LLM Benchmarks Explained

Contents

Why benchmarks matter
Knowledge & reasoning
Coding benchmarks
Math benchmarks
Holistic & safety
Chatbot Arena
Selection guide

01 — Context

Why Benchmarks Matter and Where They Fail

Benchmarks provide standardized comparison across models and over time. Without them, every team uses different test sets, results aren't comparable, and progress is subjective. They're essential infrastructure for the field.

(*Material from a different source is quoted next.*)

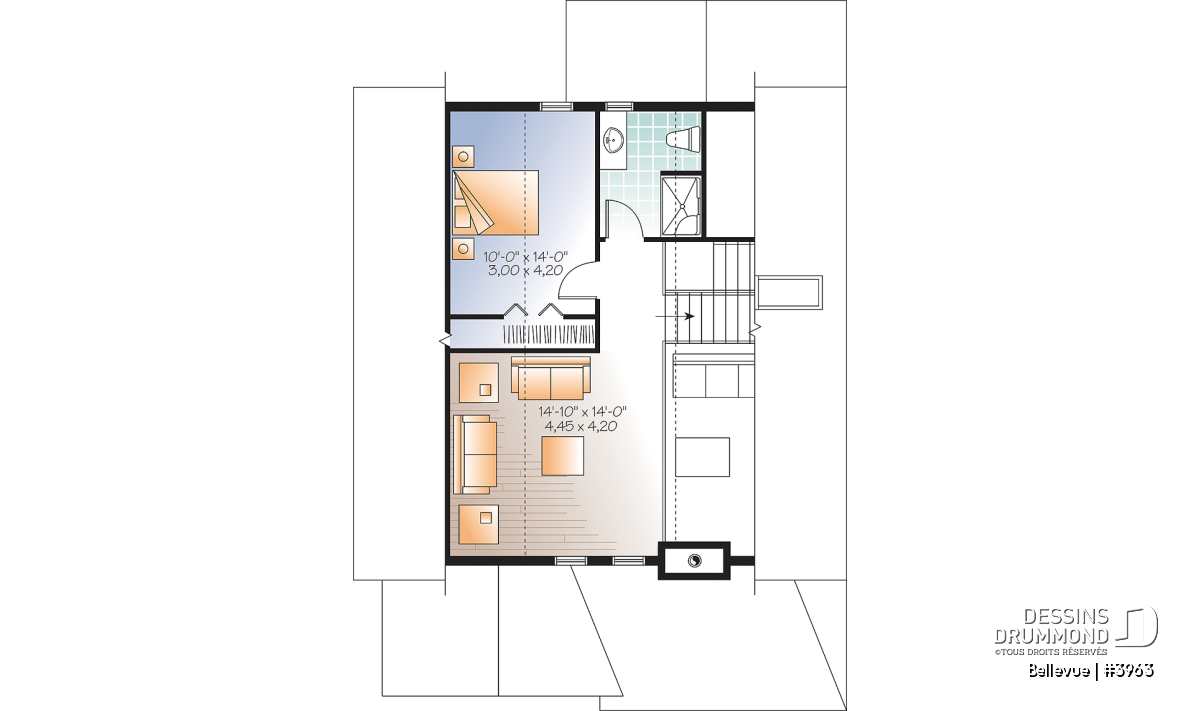 Étage - Plan de maison champêtre 2 à 3 chambres, superbe terrasse abritée, foyer, mezzanine, garde-manger - Bellevue

But benchmarks fail in predictable ways. Train-test contamination: benchmark data leaks into training sets (via web crawl or intentional inclusion), inflating scores. Goodhart's Law: when a metric becomes the target, it ceases to measure what matters — models optimize the benchmark, not the underlying capability. Benchmark saturation: top models all cluster near ceiling, losing discriminative power. Narrow coverage: one benchmark doesn't equal general intelligence.

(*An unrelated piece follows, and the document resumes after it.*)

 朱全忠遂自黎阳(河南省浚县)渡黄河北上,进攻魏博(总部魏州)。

⚠️ Core risk: When a benchmark becomes widely used, models start being trained on its data — intentionally or via web crawl. Treat any model scoring >90% on a popular benchmark with skepticism. Frontier model clusters are not all equally capable; saturated benchmarks hide real differences.

02 — Broad Coverage

Knowledge and Reasoning Benchmarks

MMLU, GPQA, HellaSwag, and WinoGrande are the workhorse benchmarks for general capability. Each measures different aspects: breadth of knowledge, common sense, and reasoning.

Benchmark	What it tests	Format	Saturation risk
MMLU	57 subjects, academic knowledge	4-choice MCQ	High (frontier >85%)
MMLU-Pro	Harder MMLU with 10 choices	10-choice MCQ	Medium
ARC (Challenge)	Grade-school science, needs reasoning	4-choice MCQ	High
HellaSwag	Commonsense completion	4-choice	High
WinoGrande	Pronoun disambiguation	Binary	High
GPQA	Expert-level PhD Q&A	4-choice	Low (frontier ~60%)

MMLU Details

14,000 questions across 57 subjects from elementary to PhD level. Originally hard (GPT-3 scored 43.9%); frontier models now exceed 85%. At this ceiling, small differences in percentage points don't translate to meaningful capability differences. MMLU scores above 85% are largely indistinguishable.

GPQA: The Durable Benchmark

Graduate-level Google-Proof Q&A: questions where expert humans with internet access get right only 65% of the time. Current frontier models score ~60%. This is a genuine hard problem. GPQA is contamination-resistant by design — questions come from recent research papers, so the test set is narrow and hard to memorize.

⚠️ Signal interpretation: MMLU scores above 85% are largely indistinguishable in practical terms. When comparing frontier models, focus on GPQA and domain-specific evaluations. MMLU is a table-stakes check, not a differentiator.

Python · Run a custom benchmark using lm-evaluation-harness

# Install: pip install lm-eval
# Evaluate a model on MMLU and HellaSwag from the command line:
# lm_eval --model openai-chat-completions #   --model_args model=gpt-4o #   --tasks mmlu,hellaswag #   --num_fewshot 5 #   --output_path ./results

# Programmatic evaluation:
from lm_eval import evaluator, tasks
from lm_eval.models.openai_completions import OpenaiChatCompletionsLM

def benchmark_model(model_name: str, task_names: list[str]) -> dict:
    model = OpenaiChatCompletionsLM(model=model_name)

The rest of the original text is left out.